DOI: 10.21470/1678-9741-2023-0205
ABSTRACT
Introduction: The aim of our study is to compare the early and mid-term outcomes of patients with hypertrophic obstructive cardiomyopathy who underwent classic and modified Morrow septal myectomy.ASD = Atrial septal defect
AV = Atrioventricular
BMI = Body mass index
CABG = Coronary artery bypass grafting
COPD = Chronic obstructive pulmonary disease
CPB = Cardiopulmonary bypass
EF = Ejection fraction
EuroSCORE = European System for Cardiac Operative Risk Evaluation
HOCM = Hypertrophic obstructive cardiomyopathy
ICU = Intensive care unit
IVS = Interventricular septum
LAD = Left atrial diameter
LVOT = Left ventricular outflow tract
MR = Mitral regurgitation
MRA = Mitral ring annuloplasty
MVR = Mitral valve replacement
NOAF = New-onset atrial fibrillation
NSR = Normal sinus rhythm
Q1 = First quarter
Q3 = Third quarter
SAM = Systolic anterior motion
SD = Standard deviation
TTE = Transthoracic echocardiographic
XCL = Cross-clamping
INTRODUCTION
Hypertrophic obstructive cardiomyopathy (HOCM) is a genetic disorder of the heart muscle characterized by a small left ventricular cavity, myocyte dysregulation, and marked hypertrophy of the myocardium[1]. Although medical treatment is the first-line treatment for symptomatic patients with left ventricular outflow tract (LVOT) obstruction, according to the 2020 American College of Cardiology/American Heart Association (or ACC/AHA) guidelines, in patients with HOCM who are severely symptomatic despite guided medical therapy, septal reduction therapy (SRT) in appropriate patients, performed in experienced centers, is recommended to relieve LVOT[2].

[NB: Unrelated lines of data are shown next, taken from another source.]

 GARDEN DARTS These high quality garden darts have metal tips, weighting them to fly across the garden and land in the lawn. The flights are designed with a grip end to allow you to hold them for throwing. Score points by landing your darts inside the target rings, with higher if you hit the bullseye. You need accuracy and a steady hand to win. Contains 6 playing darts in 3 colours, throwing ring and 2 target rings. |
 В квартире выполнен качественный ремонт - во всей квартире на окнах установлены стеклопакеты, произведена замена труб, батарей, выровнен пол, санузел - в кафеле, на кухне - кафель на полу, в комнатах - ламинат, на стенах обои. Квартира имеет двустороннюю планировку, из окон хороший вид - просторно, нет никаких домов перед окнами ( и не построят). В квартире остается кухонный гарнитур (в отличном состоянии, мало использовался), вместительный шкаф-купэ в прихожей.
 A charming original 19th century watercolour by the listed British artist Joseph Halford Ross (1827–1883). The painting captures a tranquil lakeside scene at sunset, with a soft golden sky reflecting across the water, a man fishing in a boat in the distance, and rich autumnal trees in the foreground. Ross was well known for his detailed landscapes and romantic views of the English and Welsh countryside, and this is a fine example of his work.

The classic Morrow procedure was first described by Andrew Glenn Morrow in 1968[3]. In this classic procedure, a small muscle resection of the proximal interventricular septum (IVS) is performed to widen the LVOT, reducing systolic anterior motion (SAM) and relieving LVOT stenosis. Gao et al. described the modified Morrow procedure[4]. In this modified procedure, in addition to the classic Morrow procedure, the incision is extended to the midventricular region, widening the resection, and reducing the adhesions of papillary muscle and abnormal muscle bands combined with the IVS in the apical region. However, there are not many studies comparing these procedures.
In our study, we compared the early and mid-term results of patients with HOCM who underwent classic and modified Morrow septal myectomy.
METHODS
This study was designed as a retrospective single-center study involving a total of 48 patients. The data of patients over the age of 18 years who underwent septal myectomy due to HOCM at the cardiovascular surgery clinic of Istanbul Kartal Koşuyolu High Specialization Training and Research Hospital between January 2014 and September 2019 were analyzed. Patients diagnosed with HOCM and symptomatic, with ventricular myocardial hypertrophy and a resting LVOT gradient > 35 mmHg, were included in the study. Patients with aortic valve stenosis, mitral valve stenosis, and discrete subaortic membrane diagnosis were excluded from the study. The patients were divided into two groups - those who underwent classic septal myectomy (n=28) and those who underwent modified septal myectomy (n=20).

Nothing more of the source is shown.